For Northern blotting, the purified RNA (5–10 μg) was mixed with 2x RNA loading dye (1,6x MOPS buffer, 7% formaldehyde, 65% formamide, 50 μg mL−1 ethidium bromide, 0.025% bromophenol blue), denatured for 10 min at 65°C and then resolved on formaldehyde agarose gel. The RNA was afterwards blotted onto Nylon membranes (Amersham Hybond-N+, GE Healthcare, RPN203B) with 10x saline-sodium citrate buffer (SSC) by capillary transfer overnight. The RNA was then cross-linked to positively charged membranes using a UV-crosslinker (Stratagene UV Stratalinker 2400, 2 × 240 mJoules) and stained with methylene blue (SERVA) for 10 min. The northern blots were pre-hybridized in hybridization solution for 1 h at 65°C and then hybridized in the same solution with the appropriate (α-32P) dCTP radioactively labelled DNA probes from CAT and tubulin genes for overnight at 65°C. Labelling the DNA probes was done with Prime-IT RmT Random Primer Labelling Kit, Stratagene. The following day, the blot was washed twice for 10 min at room temperature with wash solution 1 (2x SSC, 0.1% SDS), twice for 10 min with wash solution 2 (1x SSC buffer, 0.1% SDS) and twice for 10 min at 65°C with wash solution 3 (0.1x SSC, 0.1% SDS). For spliced leader detection, a 39-mer oligonucleotide complementary to the spliced leader was labelled with [γ32P]-ATP using T4 polynucleotide kinase (NEB) and incubated with the membrane overnight at 42°C (Manful et al., Reference Manful, Fadda and Clayton2011; Fadda et al., Reference Fadda, Färber, Droll and Clayton2013). Afterwards, the blots were exposed to autoradiography films and the signals were detected with the phosphorimager (Fuji, FLA7000). The images were processed and quantified using ImageJ.

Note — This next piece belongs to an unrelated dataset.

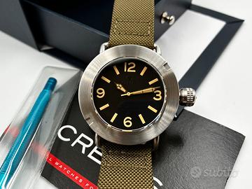 Raro Crepas Hydrographer Diver 1942 mt Impermeabile 194 Atmos Corona a ore 03:00 Cassa satinata 45 mm interamente in acciaio Quadrante Phantom Super Luminova Old Radium Swiss Made a ore 6 Vetro Zaffiro Ghiera unidirezionale 120 scatti Automatico ETA 2892-2 Fondello a vite con valvola al centro e Limited Limited Edition a 499 pezzi SOLD OUT da molto tempo Completo di scatola, contro scatola, garanzia, cacciavite e panno in micro fibra Orologio da collezione, creato sulla base del Longines Hydrographic Survey per la marina militare Britannica

RNA sequencing and data analysis
RNA sequencing was done at the Cell Networks Deep Sequencing Core Facility at the University of Heidelberg. NEB Next Ultra RNA Library Prep Kit for Illumina (New England BioLabs Inc.) was used for library preparation. The libraries were multiplexed (6 samples per lane) and sequenced with a NextSeq 550 system, generating 75 bp single-end sequencing reads. This was done using a custom pipeline (Leiss et al., Reference Leiss, Merce, Muchunga and Clayton2016) that incorporated the following steps. Before analysis, the quality of the raw sequencing data was checked using FastQC (http://www.bioinformatics.babraham.ac.uk/projects/fastqc). Cutadapt (Martin, Reference Martin2011) was used to remove sequencing primers, poly(A) tails and spliced leaders. After primer removal, the sequencing data were aligned to T. brucei 927 reference genome using Bowtie2 (Langmead and Salzberg, Reference Langmead and Salzberg2012), allowing 1 alignment per read, then sorted and indexed using SAM tools (Li et al., Reference Li, Handsaker, Wysoker, Fennell, Ruan, Homer, Marth, Abecasis and Durbin2009). Reads aligning to open reading frames, annotated 3′-untranslated regions and functional non-coding RNAs were counted. The alignment and counting were then repeated with Lister 427 genome (2018 assembly) (Müller et al., Reference Müller, Cosentino, Förstner, Guizetti, Wedel, Kaplan, Janzen, Arampatzi, Vogel, Steinbiss, Otto, Saliba, Sebra and Siegel2018). For comparative and enrichment analyses, we used a list of unique genes modified from Siegel et al. (Reference Siegel, Hekstra, Wang, Dewell and Cross2010) in order to avoid giving excessive weight to repeated genes and multigene families. For the RIP-Seq, the reads per million were counted and the ratios of eluate vs unbound were calculated. An mRNA was considered as ‘bound mRNA’ if the lowest ratio was at least 3. The motif enrichment search was done using MEME with default settings (Bailey, Reference Bailey2011). Annotated 3′-UTRs were downloaded from TritrypDB. Analysis of differentially expressed genes after ZC3H28 RNAi was done in R using the DESeqUI (Leiss and Clayton, Reference Leiss and Clayton2016), a customized version of DESeq2 package (Love et al., Reference Love, Huber and Anders2014) adapted for trypanosome transcriptomes. Statistical analyses were done using R and Microsoft Excel.
Yeast two-hybrid assays
The Matchmaker Yeast two-hybrid system (Clontech) was used to test direct protein-protein interactions according to the manufacturer's instructions. The coding sequence of ZC3H28 was PCR-amplified from genomic DNA and cloned into pGBKT7 and pGADT7 plasmids. The prey and the bait plasmids of ZC3H28 as well as those of the MKT1 complex proteins were co-transformed pairwise into AH109 yeast strains. Selection was done initially on double drop-out plates (i.e. SD medium lacking Tryptophan and Leucine) to check the expression of both bait and prey. The growth was then checked on quadruple drop-out plates (i.e. lacking Tryptophan, Leucin, Histidine and Adenine) that indicate positive interactions. The interaction between p53 and SV40 large T-antigen and the combination of LaminC and SV40 large T-antigen served as positive and negative controls, respectively.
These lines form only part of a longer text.